“Kaspersky’s laboratory”, the Russian developer of systems for protection against viruses, trojan programs and a spam, informs on detection of the first nocuous program for the mobile phones, capable to execute Java-appendices (J2ME).
The Trojan spreads in the guise of a J2ME application “RedBrowser”, which promise to enable the user to visit WAP sites without using a GPRS connection. Trojan’s author says , that it is realized by sending and reception of free-of-charge SMS-messages. Actually the Trojan sends SMSs to some premium paid mobile services, at a rate of $5 – $6 per each of such a messege.
Trojan program has received name Trojan-SMS.J2ME.RedBrowser.a (by classification of virus analysts of the company).
The Trojan is a J2ME application, may be called “redbrowser.jar”, and is 54482 bytes in size.
The Trojan can be downloaded and installed to the victim device either via the Internet (from a WAP site) or via Bluetooth or from PC.
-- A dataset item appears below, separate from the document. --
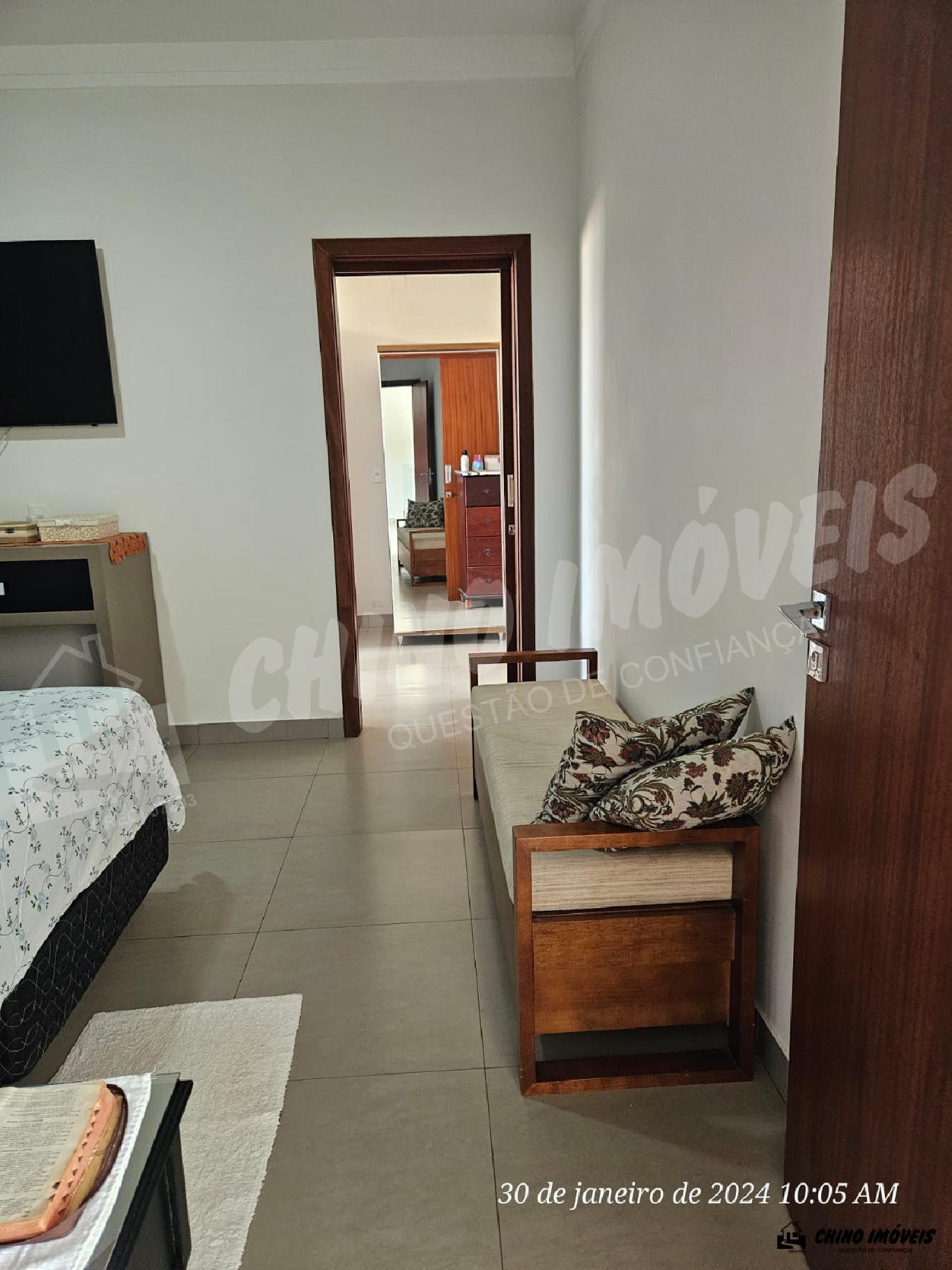 1 dormitório, sendo suíte máster, com armários embutidos, 2 dormitórios no piso interior, com armários planejados, closet, mezanino, sala de estar e cozinha integrada com armários planejados, despensa, lavanderia, área gourmet com churrasqueira, quintal amplo, possui sistema de segurança completo, ar condicionado, portão eletrônico, piso todo em porcelanato, aquecimento solar nas torneiras da cozinha e chuveiros, + iptu 162,00

The Jar-archive contains :
* FS.class – auxiliary file (2719 bytes in size)
* FW.class – auxiliary file (2664 bytes in size)
* icon.png – graphics file (3165 bytes in size)
* logo101.png – graphics file (16829 bytes in size)
* logo128.pnh – graphics file (27375 bytes in size)
* M.class – interface file (5339 bytes in size)
* SM.class – Trojan application which sends SMS messages (1945 bytes in size)
The user is able to remove this trojan by using the standard “Remove application” utility of his phone.